Below, some lines carry pictures; leave those pictures out and retype exactly the lines from the one with "شامپو تقویت کننده" through the one with "Há 26 anos, São".

* **Records provided**:
'''
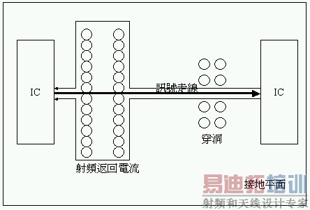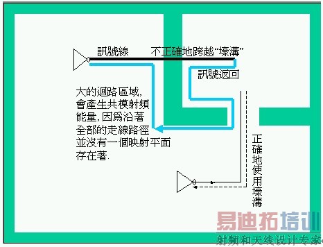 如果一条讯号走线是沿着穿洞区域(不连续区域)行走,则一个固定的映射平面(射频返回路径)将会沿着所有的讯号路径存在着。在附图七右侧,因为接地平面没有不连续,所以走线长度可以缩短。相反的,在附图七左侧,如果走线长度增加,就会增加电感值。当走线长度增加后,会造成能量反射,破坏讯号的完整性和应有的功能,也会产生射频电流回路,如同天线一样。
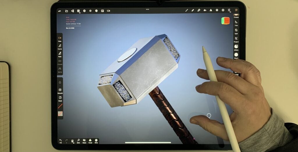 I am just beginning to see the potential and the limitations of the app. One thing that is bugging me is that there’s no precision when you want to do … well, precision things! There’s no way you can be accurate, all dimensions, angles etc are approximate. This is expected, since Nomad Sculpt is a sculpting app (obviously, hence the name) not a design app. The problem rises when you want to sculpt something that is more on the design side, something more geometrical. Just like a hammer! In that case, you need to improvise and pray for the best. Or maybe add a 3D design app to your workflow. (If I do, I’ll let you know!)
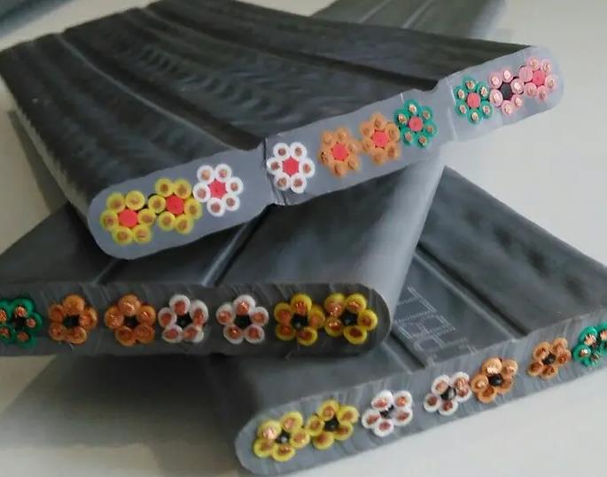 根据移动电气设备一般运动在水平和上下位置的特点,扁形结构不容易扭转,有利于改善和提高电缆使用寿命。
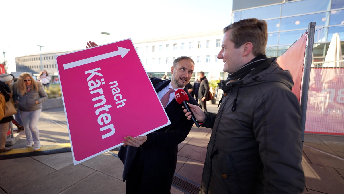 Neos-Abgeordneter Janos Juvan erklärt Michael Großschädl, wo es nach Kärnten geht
'''
'''
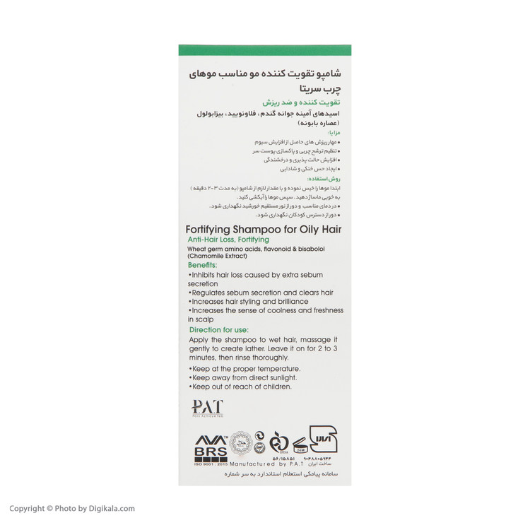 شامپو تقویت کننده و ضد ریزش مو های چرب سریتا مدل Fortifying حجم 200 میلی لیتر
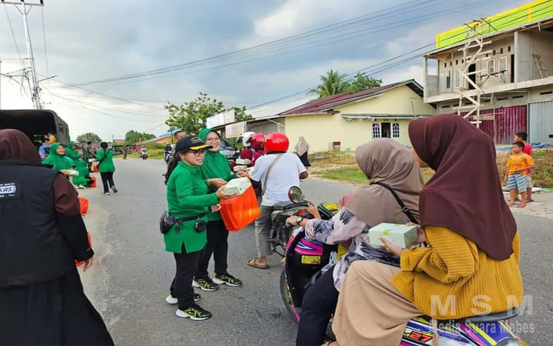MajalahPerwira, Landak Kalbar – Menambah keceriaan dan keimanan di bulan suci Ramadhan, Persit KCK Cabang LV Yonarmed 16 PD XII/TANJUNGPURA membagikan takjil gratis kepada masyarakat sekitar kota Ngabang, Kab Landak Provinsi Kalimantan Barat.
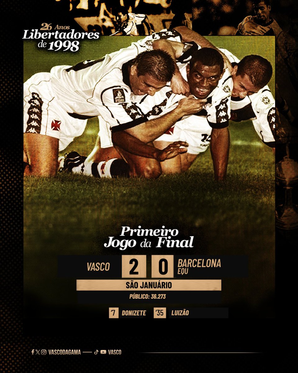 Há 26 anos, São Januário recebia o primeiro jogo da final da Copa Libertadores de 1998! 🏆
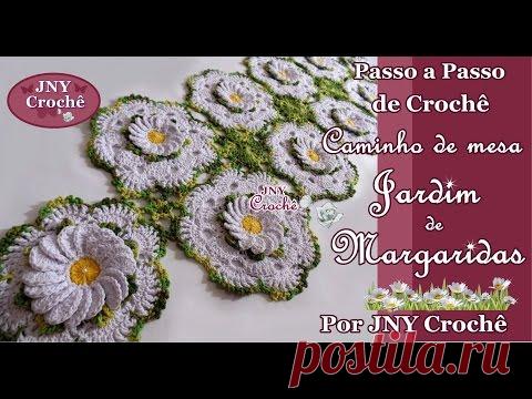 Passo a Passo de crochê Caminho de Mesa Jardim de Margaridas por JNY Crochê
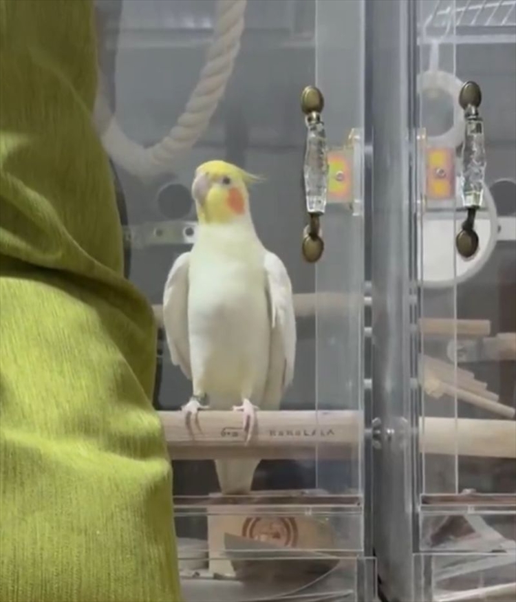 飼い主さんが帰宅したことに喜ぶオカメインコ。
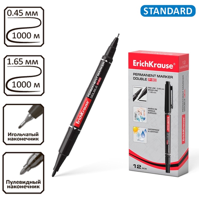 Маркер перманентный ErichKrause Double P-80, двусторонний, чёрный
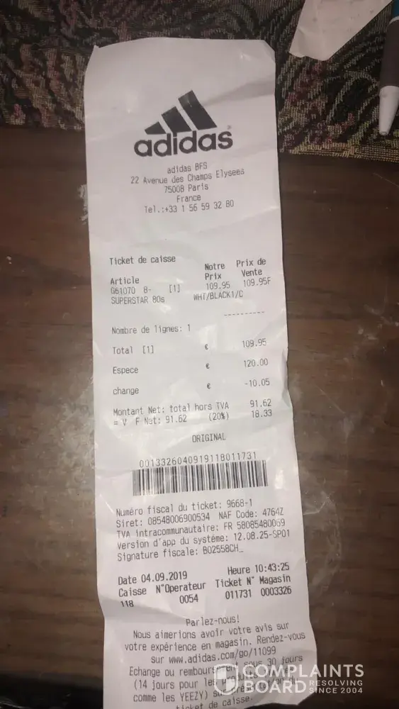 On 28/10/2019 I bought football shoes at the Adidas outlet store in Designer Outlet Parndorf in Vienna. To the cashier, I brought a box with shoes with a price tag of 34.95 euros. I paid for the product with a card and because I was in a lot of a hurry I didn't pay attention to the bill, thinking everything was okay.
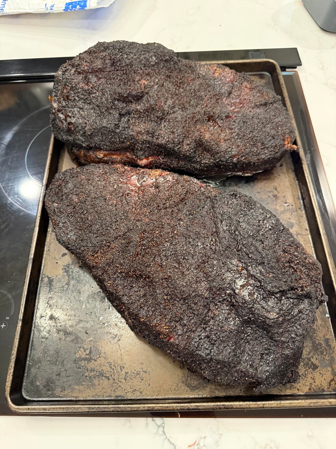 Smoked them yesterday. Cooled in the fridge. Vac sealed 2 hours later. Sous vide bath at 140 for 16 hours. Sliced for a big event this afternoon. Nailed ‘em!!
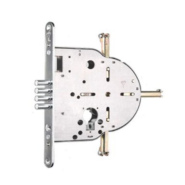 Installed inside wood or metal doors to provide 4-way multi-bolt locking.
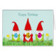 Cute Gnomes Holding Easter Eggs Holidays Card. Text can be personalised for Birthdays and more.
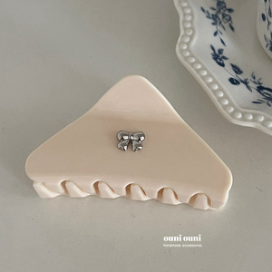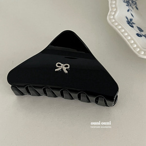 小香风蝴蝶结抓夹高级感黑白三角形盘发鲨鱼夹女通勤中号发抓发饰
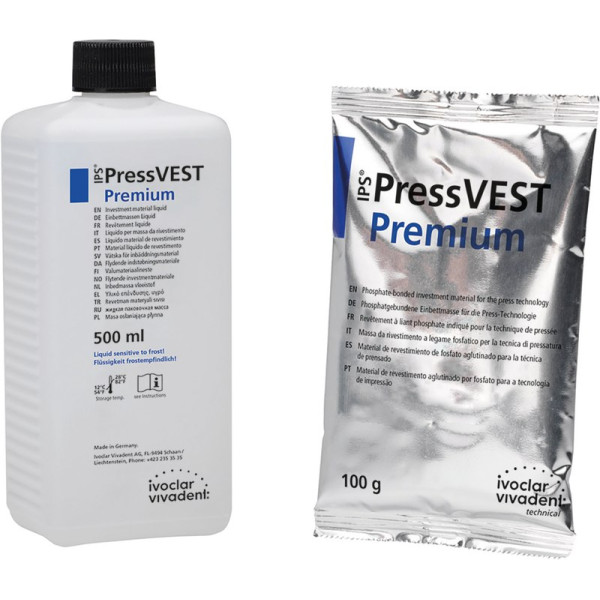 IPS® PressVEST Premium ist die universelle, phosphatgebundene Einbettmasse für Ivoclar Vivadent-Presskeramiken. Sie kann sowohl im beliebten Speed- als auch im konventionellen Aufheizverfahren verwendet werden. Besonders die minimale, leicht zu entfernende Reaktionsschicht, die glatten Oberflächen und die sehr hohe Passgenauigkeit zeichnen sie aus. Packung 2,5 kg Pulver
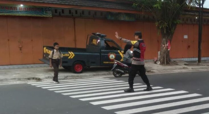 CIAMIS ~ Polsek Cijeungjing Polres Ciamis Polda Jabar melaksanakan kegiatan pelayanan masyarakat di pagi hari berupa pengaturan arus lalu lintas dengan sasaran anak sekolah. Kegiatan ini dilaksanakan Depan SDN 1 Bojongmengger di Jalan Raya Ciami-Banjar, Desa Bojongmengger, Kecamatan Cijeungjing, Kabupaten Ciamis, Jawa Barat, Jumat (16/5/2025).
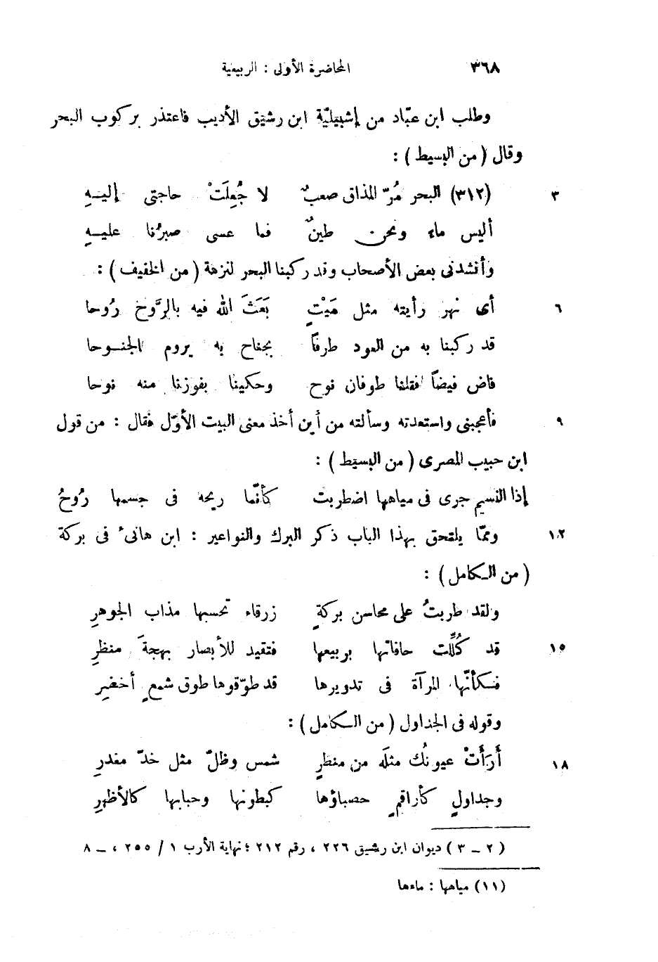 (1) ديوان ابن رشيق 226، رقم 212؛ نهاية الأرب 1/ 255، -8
'''
'''
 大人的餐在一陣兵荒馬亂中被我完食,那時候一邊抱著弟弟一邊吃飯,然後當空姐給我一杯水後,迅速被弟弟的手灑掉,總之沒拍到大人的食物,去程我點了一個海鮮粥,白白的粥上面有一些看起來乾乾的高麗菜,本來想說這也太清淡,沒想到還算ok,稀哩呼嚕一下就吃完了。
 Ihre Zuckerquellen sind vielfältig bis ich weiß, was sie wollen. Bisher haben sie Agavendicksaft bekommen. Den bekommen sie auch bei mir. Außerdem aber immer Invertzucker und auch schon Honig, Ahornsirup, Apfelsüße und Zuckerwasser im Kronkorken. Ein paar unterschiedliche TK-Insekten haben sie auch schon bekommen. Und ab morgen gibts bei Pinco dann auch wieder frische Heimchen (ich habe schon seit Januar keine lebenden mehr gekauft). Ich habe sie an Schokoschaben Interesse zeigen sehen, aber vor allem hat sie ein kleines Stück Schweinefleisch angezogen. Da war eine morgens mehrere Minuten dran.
'''
* **Output below**:
 شامپو تقویت کننده و ضد ریزش مو های چرب سریتا مدل Fortifying حجم 200 میلی لیتر
MajalahPerwira, Landak Kalbar – Menambah keceriaan dan keimanan di bulan suci Ramadhan, Persit KCK Cabang LV Yonarmed 16 PD XII/TANJUNGPURA membagikan takjil gratis kepada masyarakat sekitar kota Ngabang, Kab Landak Provinsi Kalimantan Barat.
 Há 26 anos, São Januário recebia o primeiro jogo da final da Copa Libertadores de 1998! 🏆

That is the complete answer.